Per un osservatore posto sulla Terra il tempo di decadimento si dilata, cioè diventa molto più grande. La dilatazione del
tempo dipende dalla velocità dell'oggetto. Maggiore è la velocità, maggiore sarà la dilatazione temporale. Nel caso del
muone il tempo si dilata di 25 volte. Questo vuol dire che, per un osservatore posto sulla Terra, il tempo di decadimento è
diventato di 37,5 µs. Di nuovo, moltiplicando questo intervallo temporale per la velocità del muone si osserva che il
muone avrà percorso circa 11 km, ben maggiore rispetto ai 450 metri. Ecco svelato il mistero del perché circa il 40% dei
muoni arriva a Terra.
Osserviamo ora ciò che accade dal punto di vista del muone, o meglio di un osservatore che si muove solidale al muone.
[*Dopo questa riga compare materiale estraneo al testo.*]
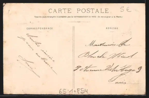 Personenbezogene Daten auf der Rückseite der Karte wurden durch blauen Textmarker unkenntlich gemacht. Die blauen Stellen sind auf die Vorderseite durchgeweicht und wirken sich negativ auf das Postkartenfoto aus

Nel suo sistema di riferimento il muone vive 1,5 µs, come fa quindi ad arrivare a Terra in così poco tempo?
Ci viene in aiuto sempre la Teoria della Relatività Ristretta. Questa volta consideriamo però la contrazione delle
lunghezze. Una certa lunghezza L, misurata in un sistema di riferimento in cui L é ferma, si contrae se la guardo da un
sistema in movimento rispetto a questa.
Il risultato è che secondo il muone lo spessore dell’atmosfera (L=15 km) è più corto di un fattore γ. o fattore di Lorentz.
L'atmosfera apparirà quindi spessa circa 600 metri.